These Wnt7bc3 mice harbor loxP sites flanking exon 3 of the Wnt7b (wingless-related MMTV integration site 7B) locus and may be useful in studying the role of Wnt7b (and other Wnt family members) in development and canonical Wnt signaling cascades, including lung differentiation and growth.

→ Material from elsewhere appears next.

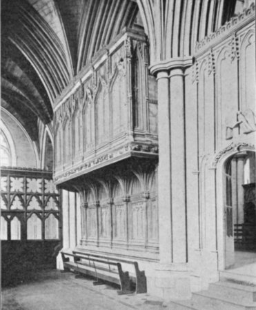 The two parts of the church that are ordinarily in use are the Lady Chapel, where morning and evening prayer is said daily on week-days, and the nave, which is used for the Sunday services. There is at present no high altar in place under the great screen, but one will probably be placed there as soon as the final touches are put by Mr. Gilbert to the carved work of the reredos. The choir proper is not, however, capable of holding a large congregation. It was, of course, originally intended to hold the monks only. The part eastward of the stalls might on special occasions, such as the enthronement of a bishop, the installation of a dean, be temporarily fitted with chairs, but it is not likely that any permanent seats will be placed here, since as a matter of fact the nave and Lady Chapel answer all ordinary requirements.

Andrew P McMahon, University of Southern California
Mice homozygous for the Wnt7bc3 allele are viable and fertile, with loxP sites flanking exon 3 of the targeted gene. When bred to mice that express Cre recombinase, the resulting offspring will have this region deleted in the cre-expressing tissue(s). Unlike other Wnt7b mutant alleles, this Wnt7bc3 conditional allele is not affected by alternative exon 1 splicing. These Wnt7bc3 mice may be useful in generating conditional mutations for studying the role of Wnt7b (and other Wnt family members) in development and canonical Wnt signaling cascades, including lung differentiation and growth. In addition, these mice may also be useful in conjunction with other Wnt7 mutant strains including Wnt7b knockout mice (Stock No. 004693) and Wnt7a mutant mice (Stock No. 004715).
When bred to a strain expressing Cre recombinase in the mesonephric duct and its' developmental derivatives (see Stock No. 004692 for example), this mutant mouse strain may be useful in studies of kidney development.
A targeting vector was designed to insert loxP sites on both sides of exon 3 of the targeted gene, as well as insert an frt-flanked PGK-neo cassette downstream of exon 3. The donating investigator reports that this construct was microinjected into 129X1/SvJ-derived AV3 embryonic stem (ES) cells, correctly targeted ES cells were injected into recipient blastocysts, and chimeric mice were bred with C57BL/6 mice. The resulting Wnt7bc3 mutant mice were next backcrossed to C57BL/6 mice for a few generations (and confirmed to still harbor the frt-flanked PGK-neo cassette downstream of exon 3) prior to arrival at The Jackson Laboratory. Upon arrival, these mice were bred to C57BL/6J inbred mice (Stock No. 000664) to establish the colony. It was then determined that these mice are on a mixed C57BL/6J and 129X1/SvJ genetic background.
|Allele Name||targeted mutation 2, Andrew P McMahon|
|Allele Type||Targeted (Conditional ready (e.g. floxed), No functional change)|
|Gene Symbol and Name||Wnt7b, wingless-type MMTV integration site family, member 7B|
|Strain of Origin||129X1/SvJ|
|Molecular Note||Exon 3 was floxed and an frt flanked PGK-neo cassette was inserted downstream of exon 3.|
|Mutations Made By|| |
Andrew McMahon, University of Southern California
When maintaining a live colony, these mice can be bred as homozygotes.
When using the B6;129X1-Wnt7btm2Amc/J mouse strain in a publication, please cite the originating article(s) and include JAX stock #008467 in your Materials and Methods section.